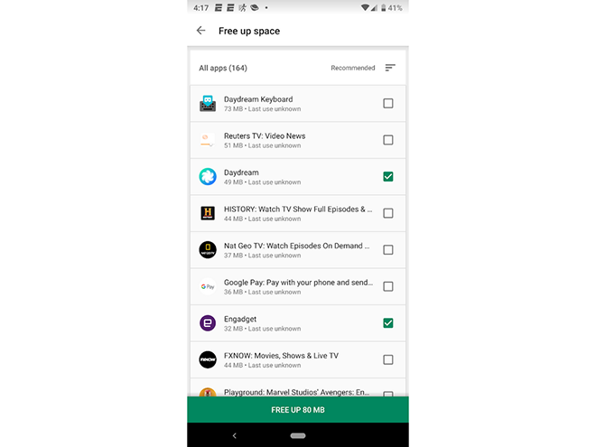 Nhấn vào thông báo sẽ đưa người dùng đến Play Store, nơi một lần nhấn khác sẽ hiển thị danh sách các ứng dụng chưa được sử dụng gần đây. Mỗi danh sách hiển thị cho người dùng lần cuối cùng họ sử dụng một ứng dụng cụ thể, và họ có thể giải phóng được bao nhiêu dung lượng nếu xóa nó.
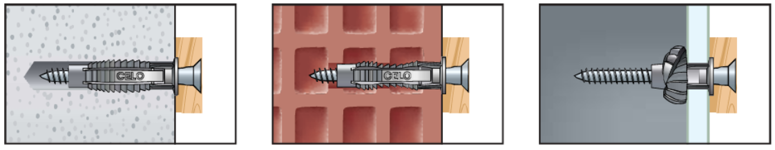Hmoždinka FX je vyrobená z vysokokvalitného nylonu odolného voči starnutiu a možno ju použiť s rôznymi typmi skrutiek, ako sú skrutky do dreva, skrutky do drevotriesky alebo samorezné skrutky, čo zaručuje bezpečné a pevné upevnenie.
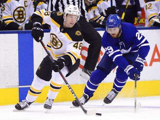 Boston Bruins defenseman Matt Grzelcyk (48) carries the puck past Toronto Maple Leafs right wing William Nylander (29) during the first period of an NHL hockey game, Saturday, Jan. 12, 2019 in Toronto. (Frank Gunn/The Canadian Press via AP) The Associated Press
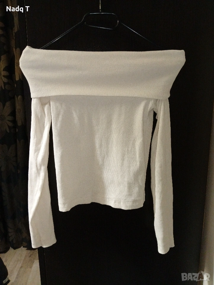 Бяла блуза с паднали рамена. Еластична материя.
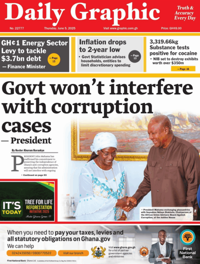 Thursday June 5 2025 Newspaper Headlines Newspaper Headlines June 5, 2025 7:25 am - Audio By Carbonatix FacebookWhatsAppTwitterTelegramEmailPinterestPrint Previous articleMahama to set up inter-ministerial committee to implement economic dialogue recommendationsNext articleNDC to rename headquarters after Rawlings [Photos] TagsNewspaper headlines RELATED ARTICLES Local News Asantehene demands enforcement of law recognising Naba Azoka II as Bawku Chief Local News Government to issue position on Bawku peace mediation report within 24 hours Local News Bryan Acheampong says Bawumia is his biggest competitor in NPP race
* * *
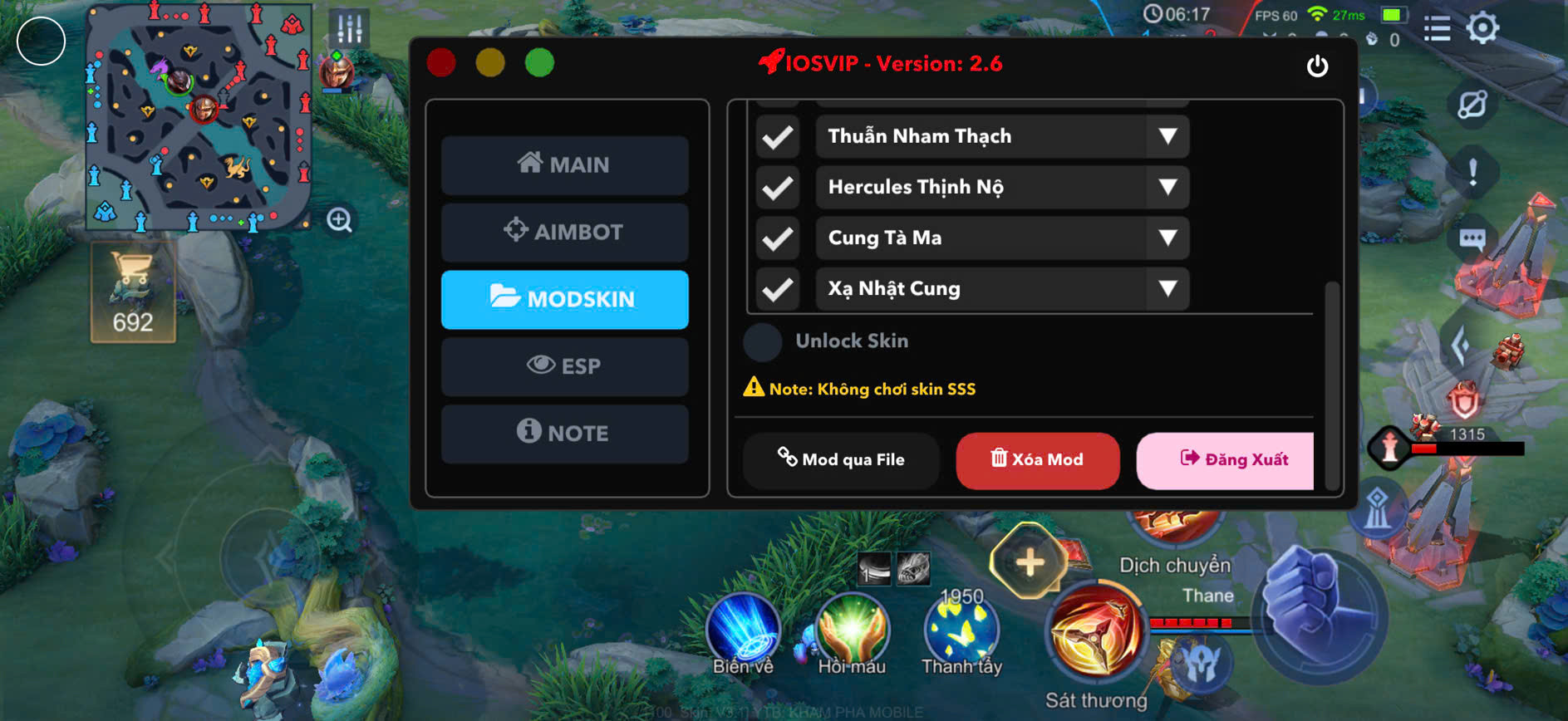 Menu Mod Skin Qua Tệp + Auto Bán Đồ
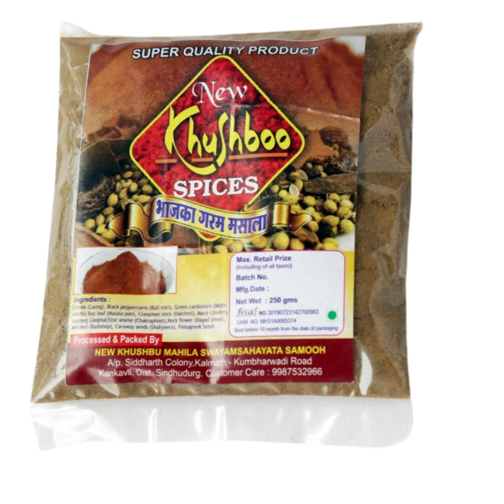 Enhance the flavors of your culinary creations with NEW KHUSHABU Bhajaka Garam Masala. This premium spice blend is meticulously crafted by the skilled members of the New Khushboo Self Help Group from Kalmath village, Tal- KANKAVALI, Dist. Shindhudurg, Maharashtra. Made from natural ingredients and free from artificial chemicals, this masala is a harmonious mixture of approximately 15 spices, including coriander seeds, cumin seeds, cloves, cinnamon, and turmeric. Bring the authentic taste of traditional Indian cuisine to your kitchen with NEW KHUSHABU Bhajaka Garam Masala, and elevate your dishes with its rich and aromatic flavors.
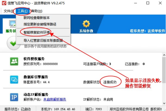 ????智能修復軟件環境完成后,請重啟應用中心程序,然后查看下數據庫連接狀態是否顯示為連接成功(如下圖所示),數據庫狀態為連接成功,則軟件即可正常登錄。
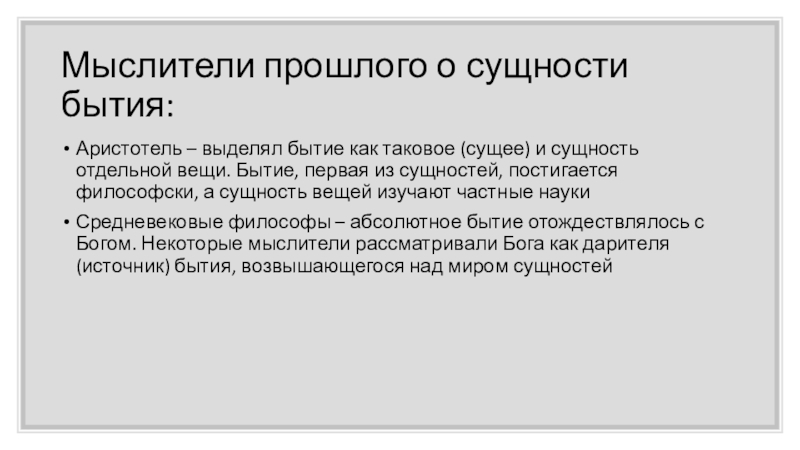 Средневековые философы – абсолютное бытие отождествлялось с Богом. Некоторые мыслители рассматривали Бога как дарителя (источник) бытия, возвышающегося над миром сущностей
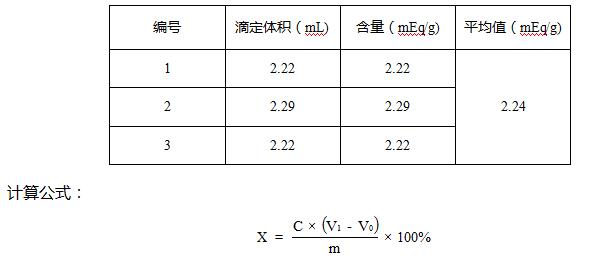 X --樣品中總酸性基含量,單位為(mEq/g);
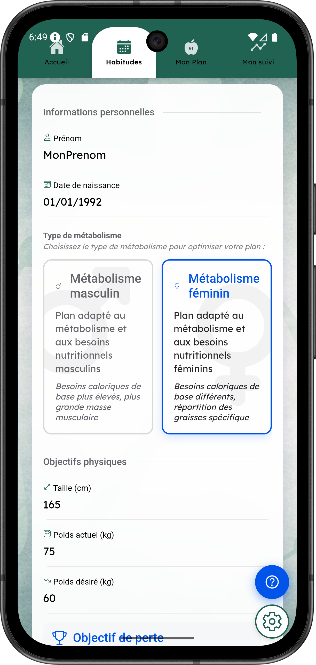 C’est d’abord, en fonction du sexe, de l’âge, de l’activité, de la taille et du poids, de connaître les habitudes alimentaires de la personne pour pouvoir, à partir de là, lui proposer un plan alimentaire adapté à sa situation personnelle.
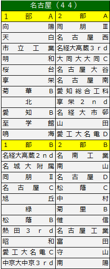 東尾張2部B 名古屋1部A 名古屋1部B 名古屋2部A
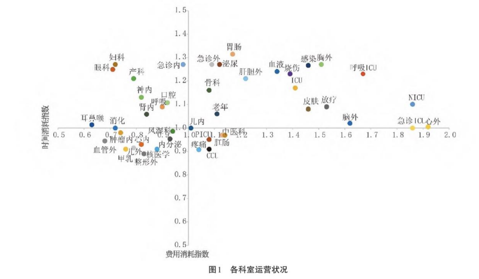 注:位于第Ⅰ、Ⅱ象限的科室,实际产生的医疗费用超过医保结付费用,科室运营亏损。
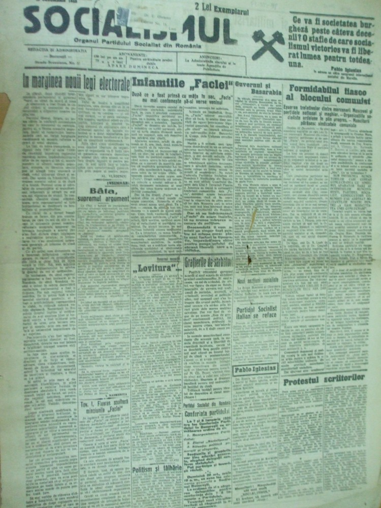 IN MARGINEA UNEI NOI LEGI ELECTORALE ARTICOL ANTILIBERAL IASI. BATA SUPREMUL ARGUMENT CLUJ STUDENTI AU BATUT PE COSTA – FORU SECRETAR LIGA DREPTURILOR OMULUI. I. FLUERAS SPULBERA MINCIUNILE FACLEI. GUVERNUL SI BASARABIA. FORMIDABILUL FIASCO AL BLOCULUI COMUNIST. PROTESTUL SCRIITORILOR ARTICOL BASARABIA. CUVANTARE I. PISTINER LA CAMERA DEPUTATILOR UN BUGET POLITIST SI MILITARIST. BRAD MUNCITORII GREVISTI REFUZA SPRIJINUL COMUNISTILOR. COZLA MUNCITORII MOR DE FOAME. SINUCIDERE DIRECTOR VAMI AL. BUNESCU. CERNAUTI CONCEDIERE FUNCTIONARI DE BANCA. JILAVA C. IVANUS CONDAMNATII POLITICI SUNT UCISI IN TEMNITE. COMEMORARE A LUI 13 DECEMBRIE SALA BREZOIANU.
--
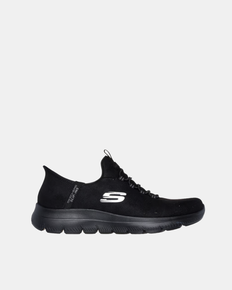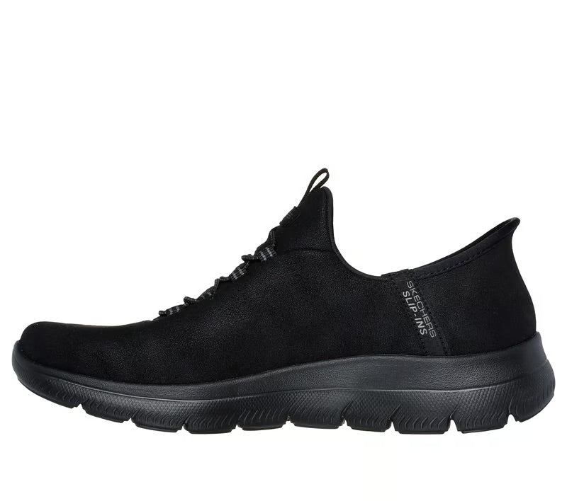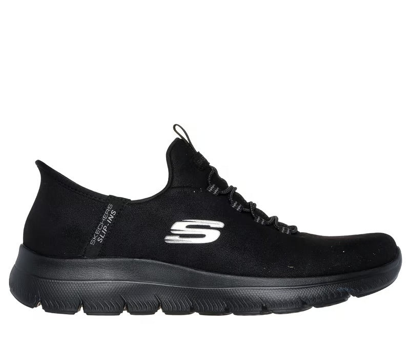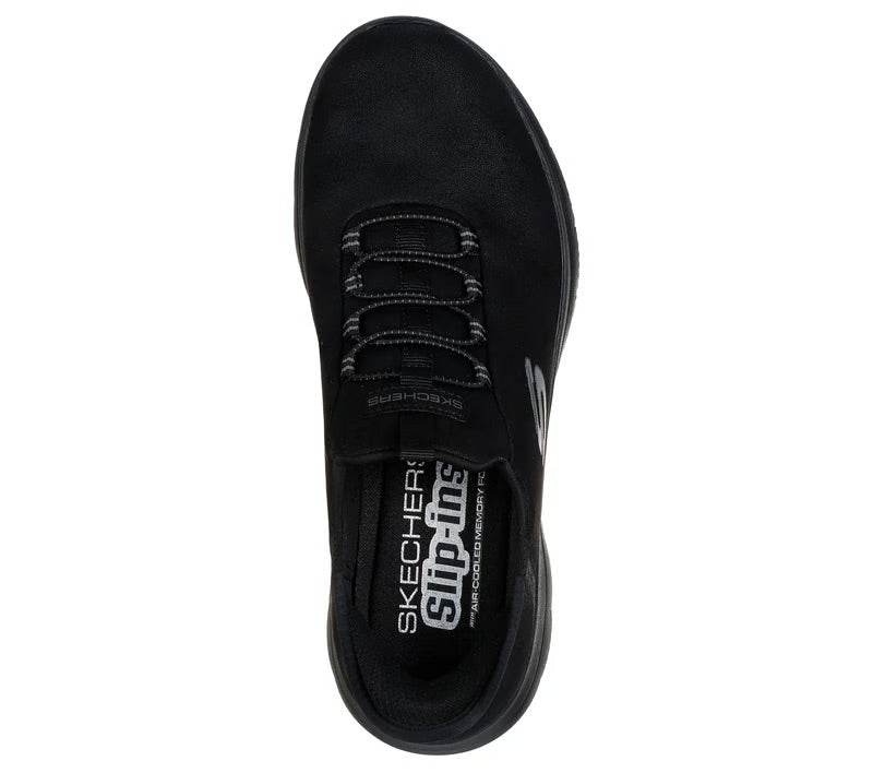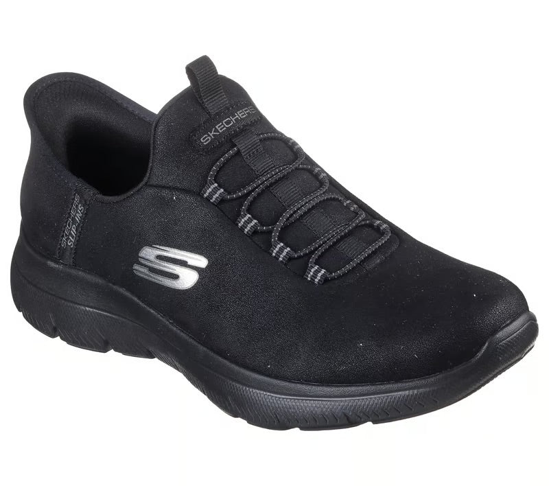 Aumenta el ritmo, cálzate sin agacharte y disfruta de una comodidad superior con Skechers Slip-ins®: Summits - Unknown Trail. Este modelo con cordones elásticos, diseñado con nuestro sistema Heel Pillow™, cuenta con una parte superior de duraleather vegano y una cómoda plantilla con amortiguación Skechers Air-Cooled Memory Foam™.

### Task objective
Look above for the line containing "Средневековые философы –", then write out every line from there down to the line containing "IN MARGINEA UNEI", that line included, with no pictures.

### Exercise solution
 Средневековые философы – абсолютное бытие отождествлялось с Богом. Некоторые мыслители рассматривали Бога как дарителя (источник) бытия, возвышающегося над миром сущностей
 X --樣品中總酸性基含量,單位為(mEq/g);
 C’est d’abord, en fonction du sexe, de l’âge, de l’activité, de la taille et du poids, de connaître les habitudes alimentaires de la personne pour pouvoir, à partir de là, lui proposer un plan alimentaire adapté à sa situation personnelle.
 東尾張2部B 名古屋1部A 名古屋1部B 名古屋2部A
 注:位于第Ⅰ、Ⅱ象限的科室,实际产生的医疗费用超过医保结付费用,科室运营亏损。
 IN MARGINEA UNEI NOI LEGI ELECTORALE ARTICOL ANTILIBERAL IASI. BATA SUPREMUL ARGUMENT CLUJ STUDENTI AU BATUT PE COSTA – FORU SECRETAR LIGA DREPTURILOR OMULUI. I. FLUERAS SPULBERA MINCIUNILE FACLEI. GUVERNUL SI BASARABIA. FORMIDABILUL FIASCO AL BLOCULUI COMUNIST. PROTESTUL SCRIITORILOR ARTICOL BASARABIA. CUVANTARE I. PISTINER LA CAMERA DEPUTATILOR UN BUGET POLITIST SI MILITARIST. BRAD MUNCITORII GREVISTI REFUZA SPRIJINUL COMUNISTILOR. COZLA MUNCITORII MOR DE FOAME. SINUCIDERE DIRECTOR VAMI AL. BUNESCU. CERNAUTI CONCEDIERE FUNCTIONARI DE BANCA. JILAVA C. IVANUS CONDAMNATII POLITICI SUNT UCISI IN TEMNITE. COMEMORARE A LUI 13 DECEMBRIE SALA BREZOIANU.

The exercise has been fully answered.